Author Contributions
H.H. and D.B. suggested to investigate early warning signals in the context of COVID-19. F.D. analyzed the data, conducted the simulation study, and wrote the first draft of the manuscript. J.D. provided valuable advice on the data analysis and simulation study. F.D., H.H., D.B., and J.D. wrote the manuscript. All authors read and approved the submitted version of the paper.

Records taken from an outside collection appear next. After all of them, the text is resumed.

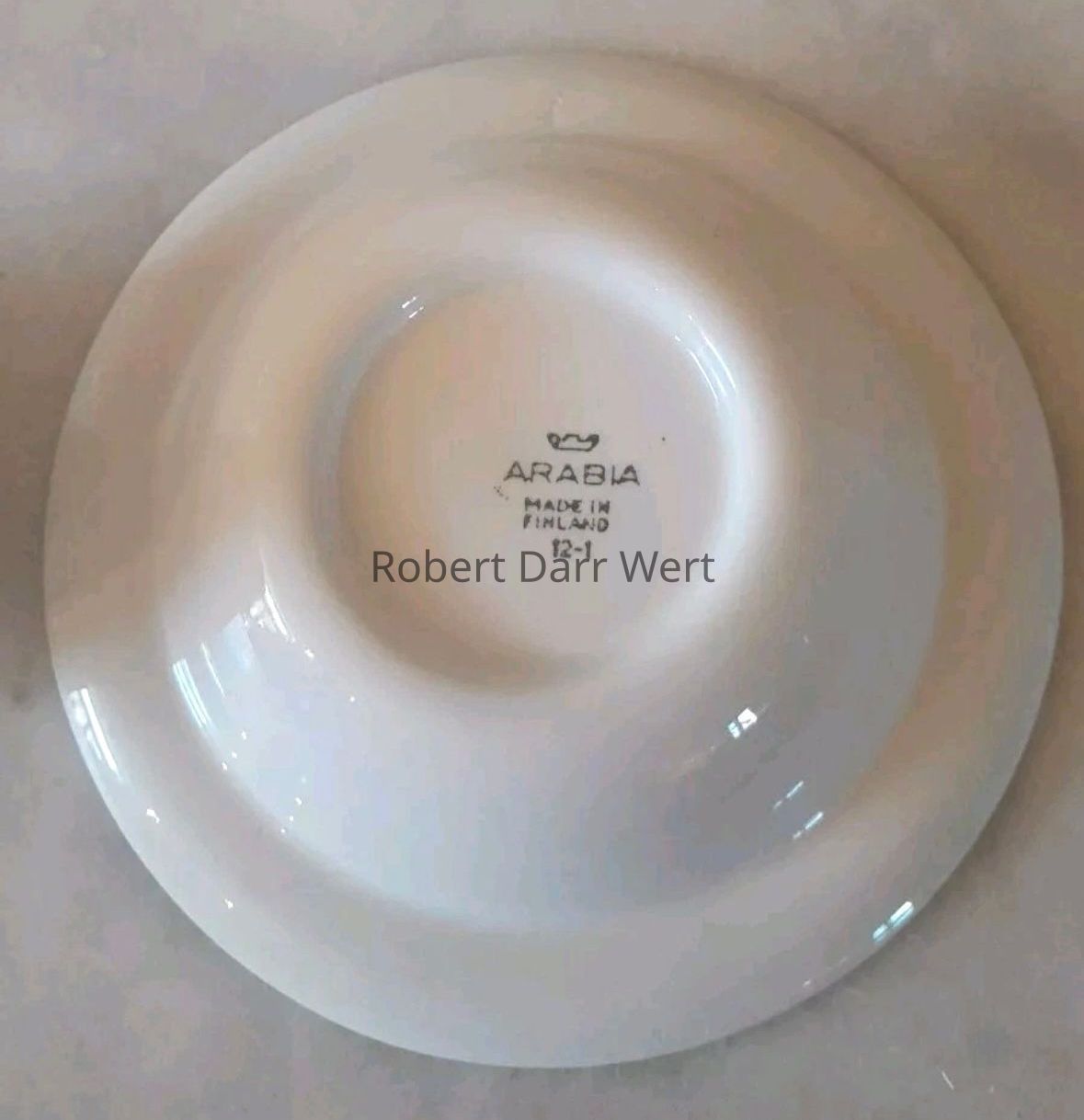 Most likely produced for Twining & Buck of Salisbury, Connecticut, a high end retailer of modern home furnishings. Twining & Buck had relationships with both Arabia and Country Prints from the time the shop opened in 1950. Based on a December 1956 editorial in Craft Horizons magazine, textile historian Susan Ward believes it is most likely Twining & Buck engaged Robert Darr Wert to produce silkscreen printed bibs and placemat sets to match the Arabia Finland china in their inventory. Arabia Finland knows of no such working relationship between their company and Wert. Several baby bibs and two placemat sets have been documented under the name “Waertsila Linens Hand Printed by Robert Darr Wert”; see “Waertsila Linens by Robert Darr Wert” entries.Made/Created
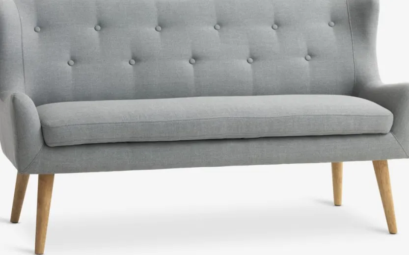 2-zitsbank van stof. Rug- en zitkussens van schuim. Poten van massief hout. B158 x H90 x D68 cm
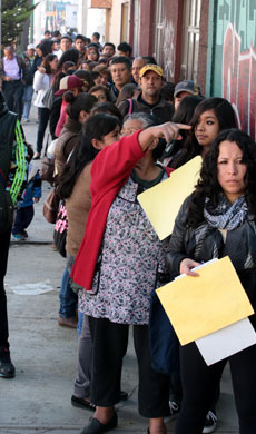 Hoy concluye el plazo para renovar la credencial de elector y hay al menos millón y medio de ciudadanos pendientes de realizar ese trámite. Ayer hubo largas filas frente a los módulos del INE. La imagen corresponde a la oficina ubicada en San Bartolo Atepehuacán, en la delegación Gustavo A. Madero Foto Francisco Olvera
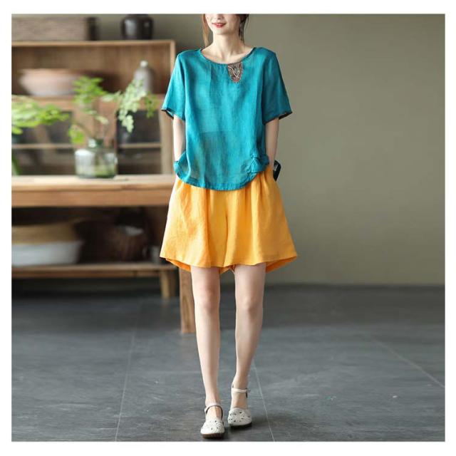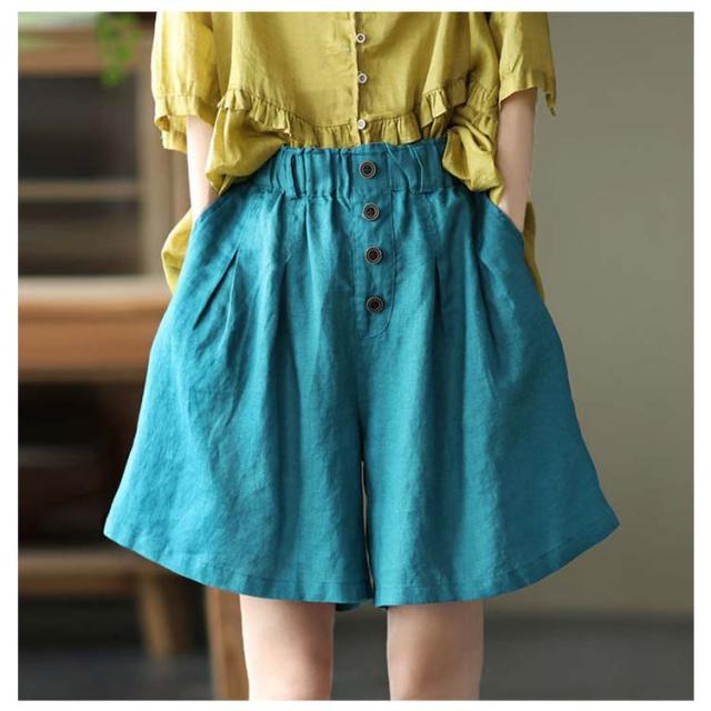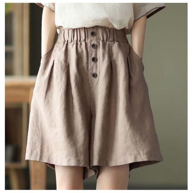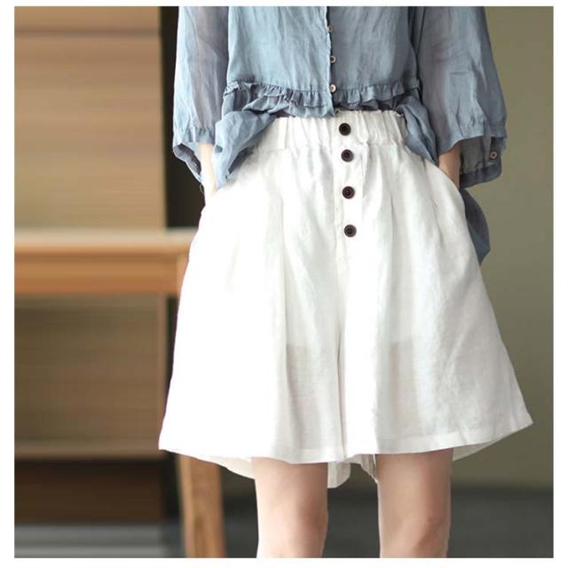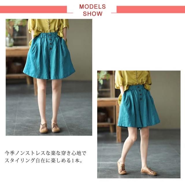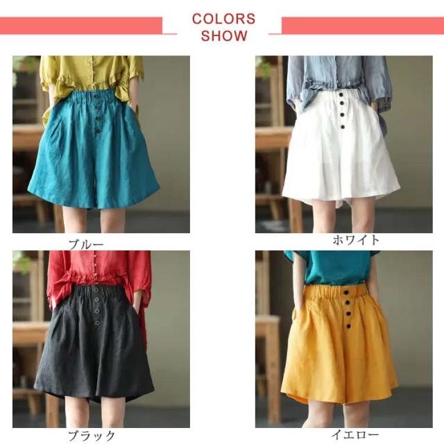 全5color×5サイズ!パンツ リネン 麻混 綿麻 ワイドパンツ ハーフパンツ レディース リネンパンツ ウエストゴム ナチュラル カジュアル シンプル 無地 春夏
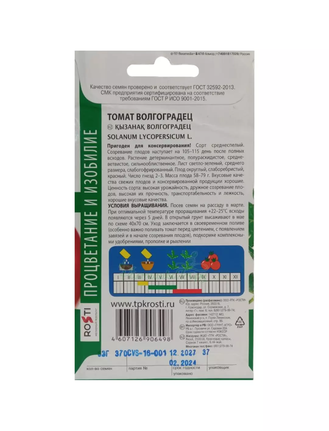 Сорт среднеспелый. Созревание плодов наступает на 105-115 день после полных всходов. Растение детерминантное, полураскидистое, средневетвистое, сильнооблиственное. Лист светло-зеленый, среднего размера, слабогофрированный. Плод округлый, слаборебристый, красный. Число гнезд 2-3. Масса плода 58-79 г. Вкусовые качества свежих плодов и консервированной продукции хорошие. Ценность сорта: высокая урожайность, дружное созревание плодов, высокая их прочность, транспортабельность и лежкость, хорошие вкусовые качества.
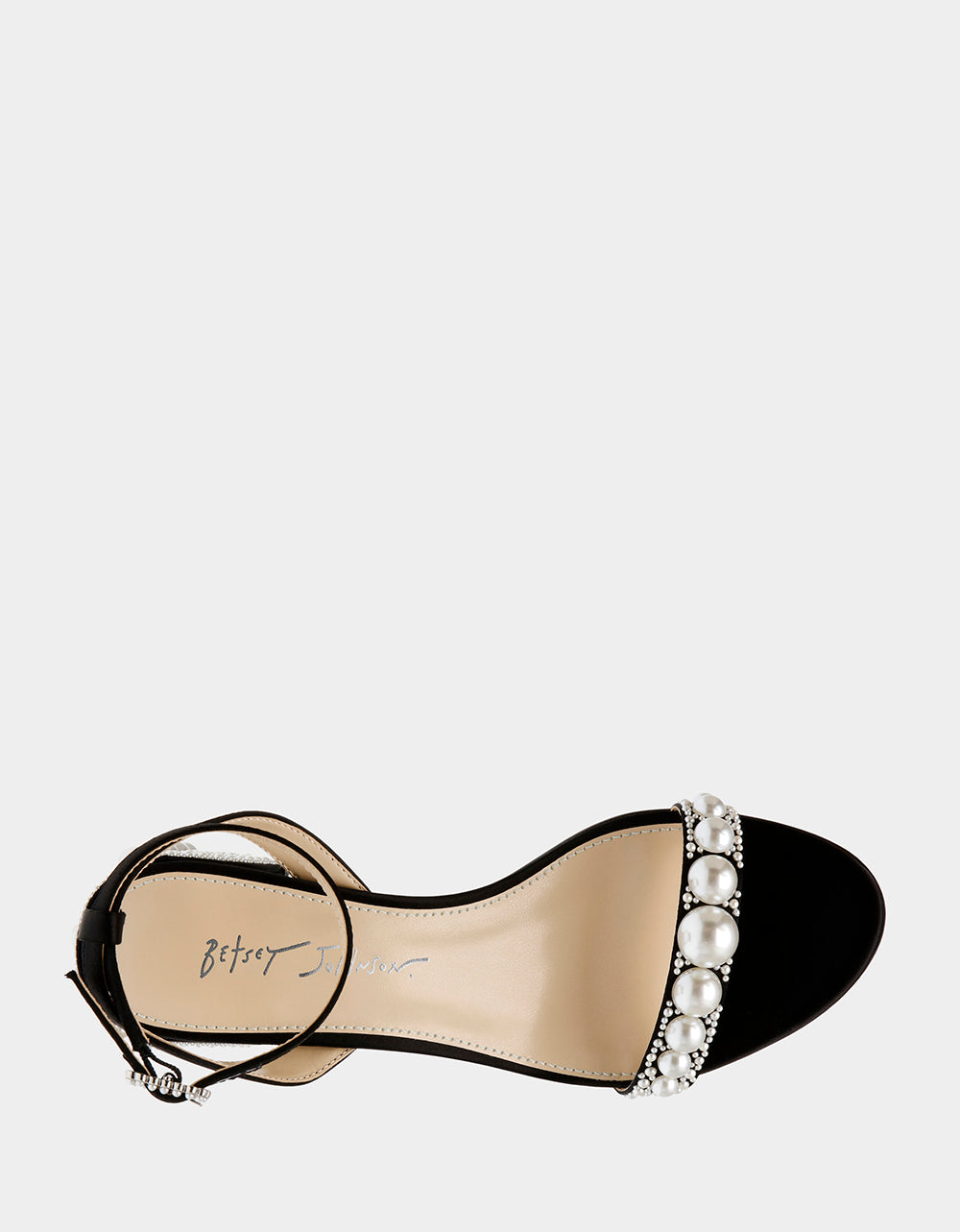 - Satin textile upper material with pearl stone embellishments
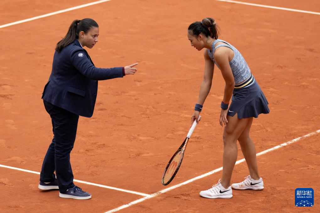 6月1日,郑钦文(右)在比赛中与裁判交流。新华社记者 孟鼎博 摄
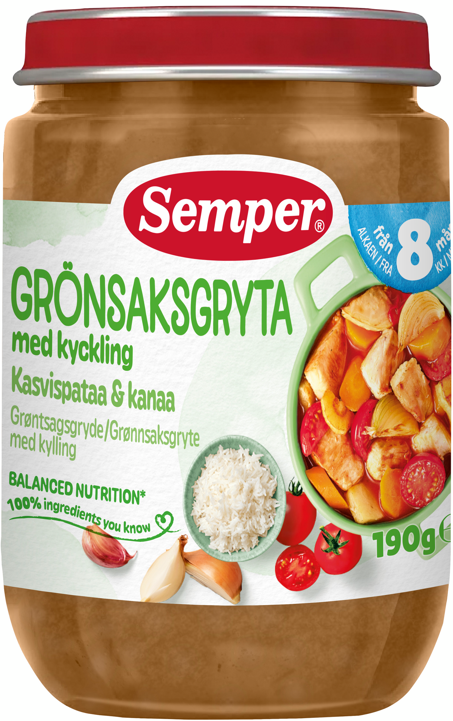 Semper Vihannes-kanapata & valkosipulia on terveellinen ja herkullinen pienten lasten ateria. Sisältää 55 % vihanneksia, kuten tomaattia, porkkanaa, sipulia ja palsternakkaa. Maidoton ateria sopii lapsille noin 8 kuukauden iästä alkaen. Sisältää sopivia pieniä paloja lapselle, joka opettelee pureskelemaan ruokaansa. Kahdeksan kuukauden ikäisille tarkoitettuja aterioita on myös maustettu hieman monipuolisemmin verrattuna 6 kuukauden ikäisten aterioihin. Kun lapsi tottuu miedosti maustettuihin aterioihin, hänen on helpompi siirtyä noin vuoden ikäisenä syömään samaa ruokaa muun perheen kanssa. Kaikki Semper lastenruoka on valmistettu ilman lisättyä suolaa, sokeria tai säilöntäaineita.
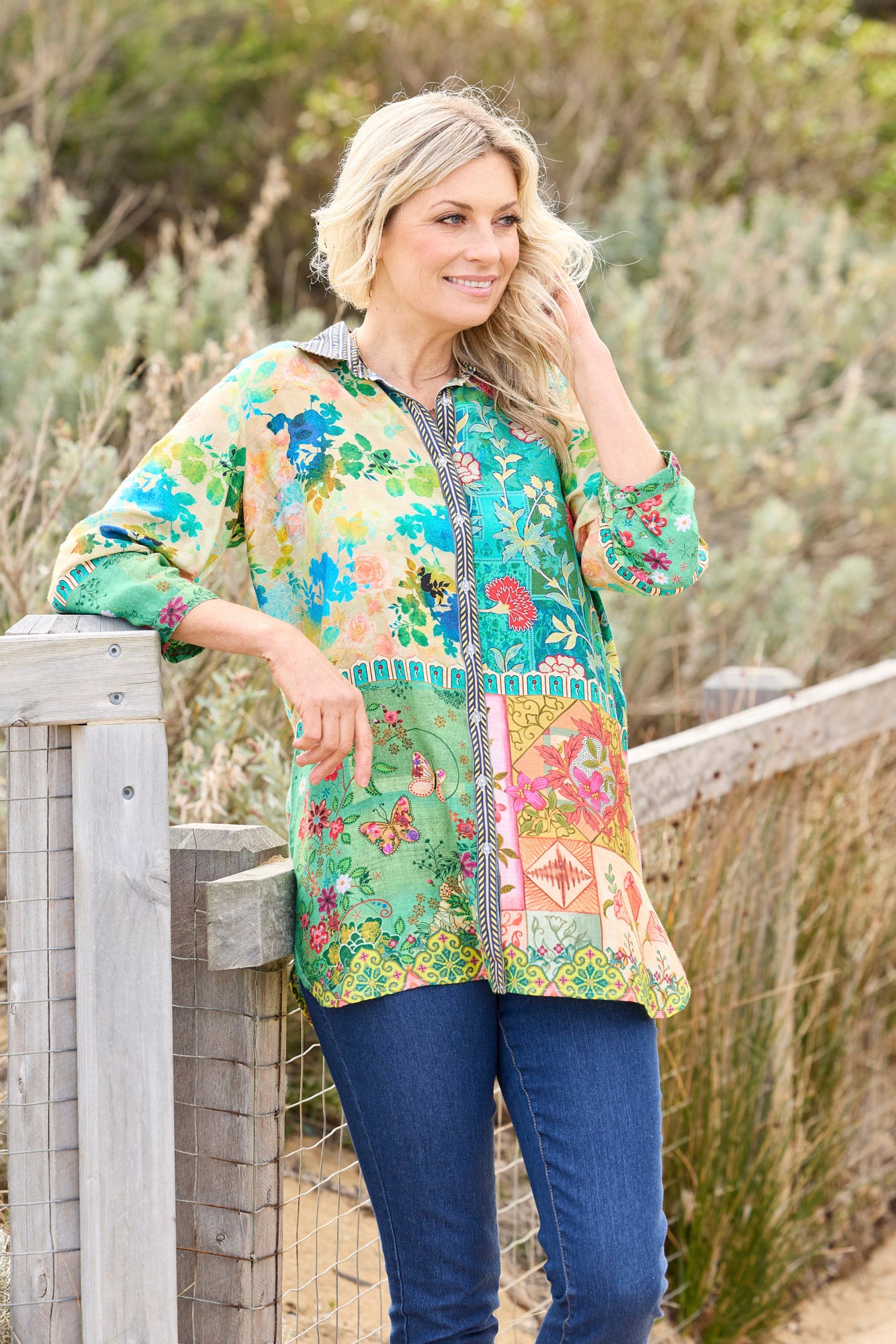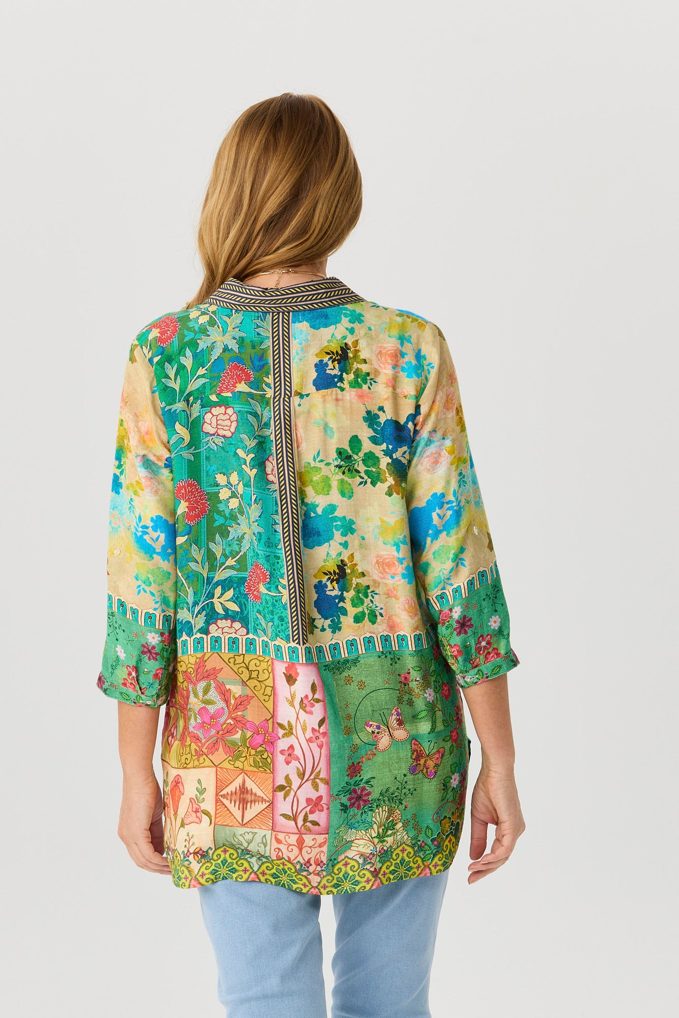 Brighten up your wardrobe with the Dandy Relaxed 3/4 Sleeve Shirt in Multi Tile. Featuring a playful patchworked floral print, this relaxed-fit shirt blends charm and comfort effortlessly. Contrast detailing at the collar and placket adds a stylish edge, while rolled cuffs with tab button closures and curved hems provide a laid-back finish.

They also declare that there were no conflicts of interest.
Funding
F.D. was supported by ZonMw project 10430022010001.
A Estimation of Rt across European Countries
Figures 6-9 show countries and their estimated effective reproductive number, with vertical lines indicating the time period on which we computed early warning indicators.
B Sensitivity Analyses
Figures 11-20 show sensitivity analyses for the ten early warning indicators across different rolling window sizes for detrending and estimation.
Footnotes
↵1 We analyzed countries in the EU, excluding Spain because of a strong weekend reporting effect that presented difficulties for model convergence, as well as the United Kingdom.